(Beginning of GIVEN DATA)

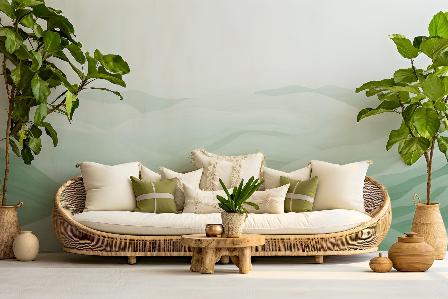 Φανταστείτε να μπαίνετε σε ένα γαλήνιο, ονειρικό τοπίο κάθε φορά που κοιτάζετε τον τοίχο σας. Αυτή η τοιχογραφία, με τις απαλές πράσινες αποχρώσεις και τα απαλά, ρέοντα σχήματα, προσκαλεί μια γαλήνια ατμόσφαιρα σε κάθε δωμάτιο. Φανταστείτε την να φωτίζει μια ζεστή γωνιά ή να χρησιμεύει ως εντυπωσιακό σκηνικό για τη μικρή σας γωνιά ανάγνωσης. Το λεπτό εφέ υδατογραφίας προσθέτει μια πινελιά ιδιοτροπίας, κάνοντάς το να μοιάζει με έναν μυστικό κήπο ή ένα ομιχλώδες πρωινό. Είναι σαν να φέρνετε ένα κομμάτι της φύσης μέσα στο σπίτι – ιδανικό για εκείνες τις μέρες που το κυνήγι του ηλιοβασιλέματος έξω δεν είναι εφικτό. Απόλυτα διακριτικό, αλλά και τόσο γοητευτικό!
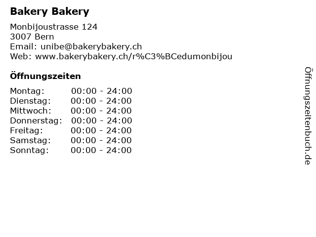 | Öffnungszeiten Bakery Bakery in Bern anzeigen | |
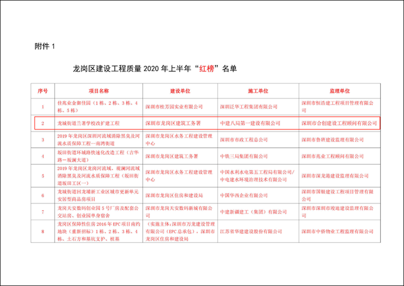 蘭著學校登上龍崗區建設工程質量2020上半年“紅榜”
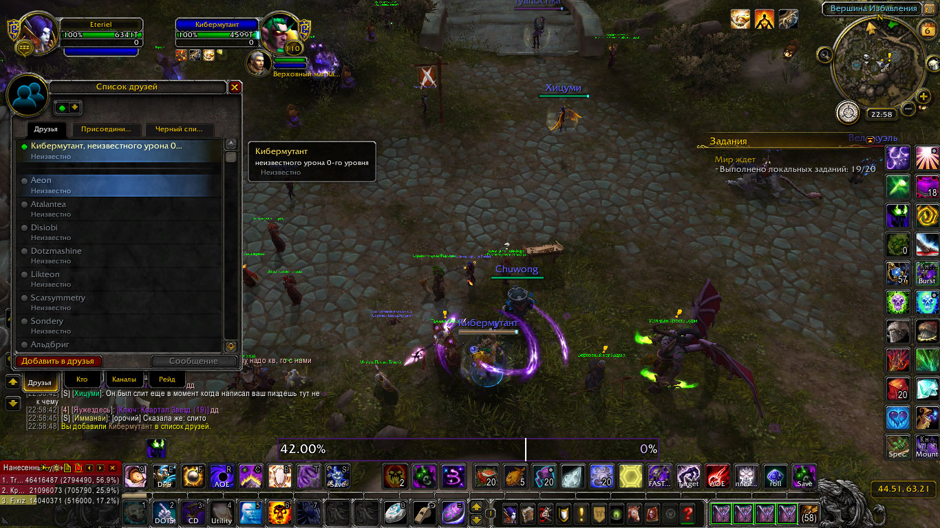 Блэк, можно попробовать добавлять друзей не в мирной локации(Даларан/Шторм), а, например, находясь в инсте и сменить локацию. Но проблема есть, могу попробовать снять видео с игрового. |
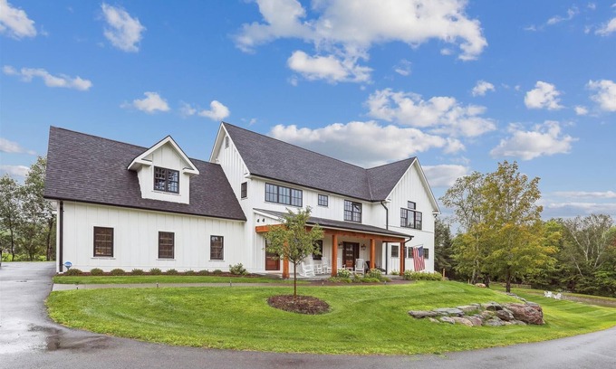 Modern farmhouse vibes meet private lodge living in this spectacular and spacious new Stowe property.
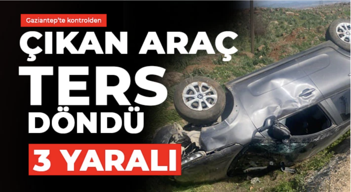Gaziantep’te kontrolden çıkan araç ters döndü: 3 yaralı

(End of GIVEN DATA)
(Beginning of GIVEN DATA)

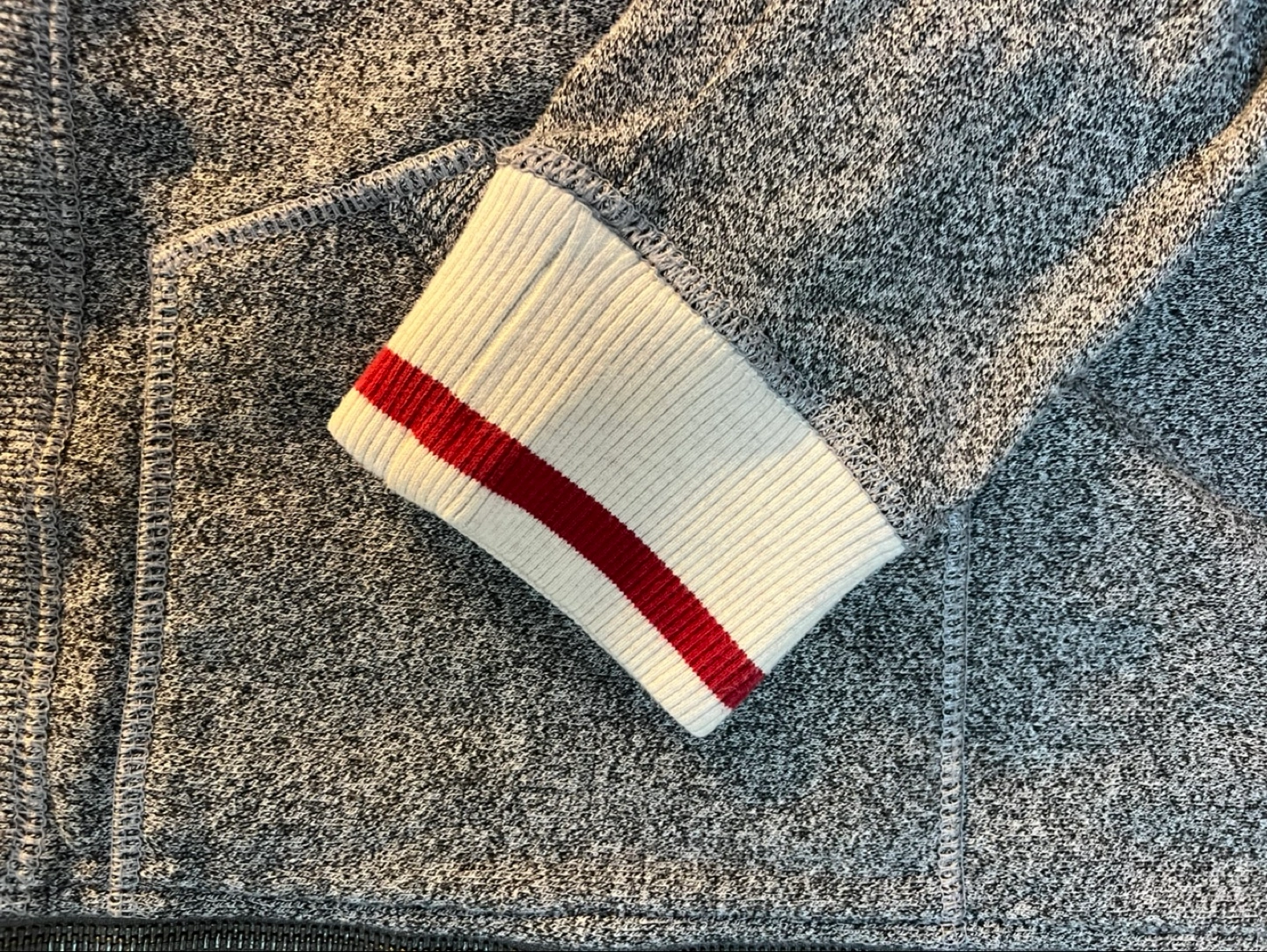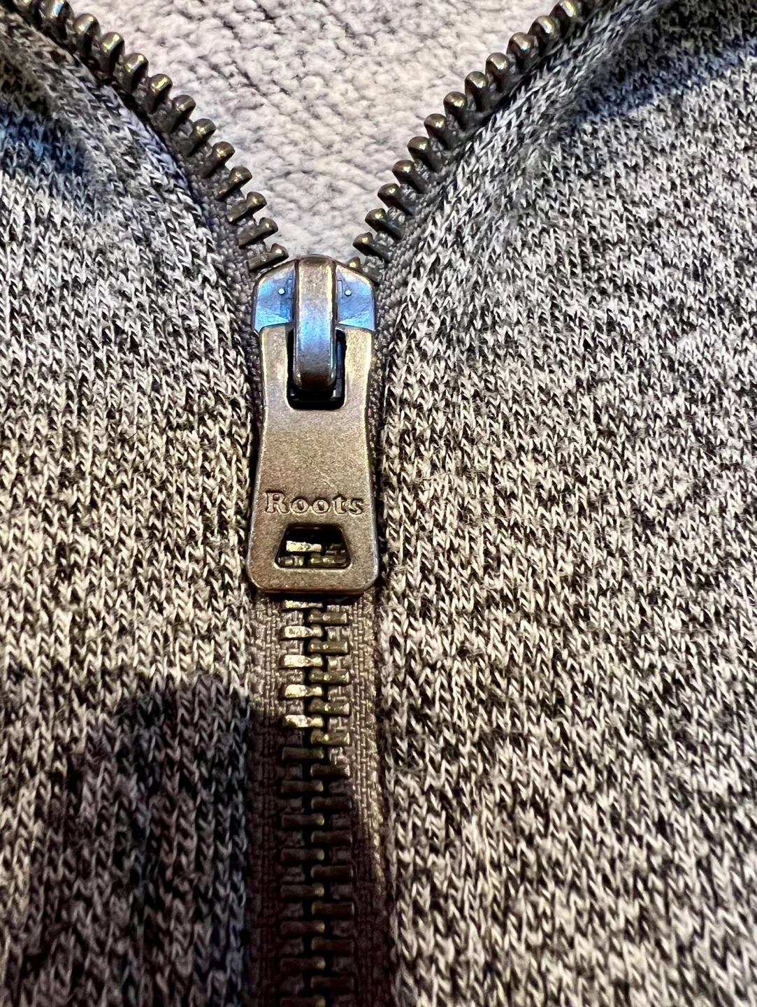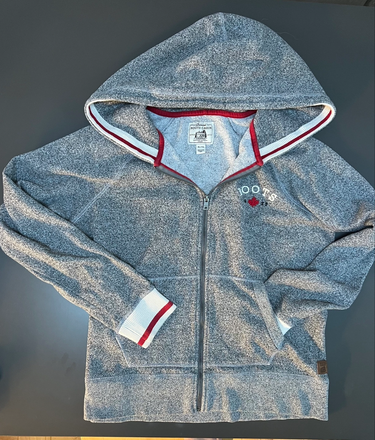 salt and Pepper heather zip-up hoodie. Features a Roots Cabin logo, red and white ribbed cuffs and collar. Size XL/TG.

(End of GIVEN DATA)

▶ [TASK OBJECTIVE]:
Having found the line with "Modern farmhouse vibes" and the line with "Gaziantep’te kontrolden çıkan" in the material above, write out exactly those two and every line between, leaving the pictures out.

▶ [SOLUTION BELOW]:
 Modern farmhouse vibes meet private lodge living in this spectacular and spacious new Stowe property.
Gaziantep’te kontrolden çıkan araç ters döndü: 3 yaralı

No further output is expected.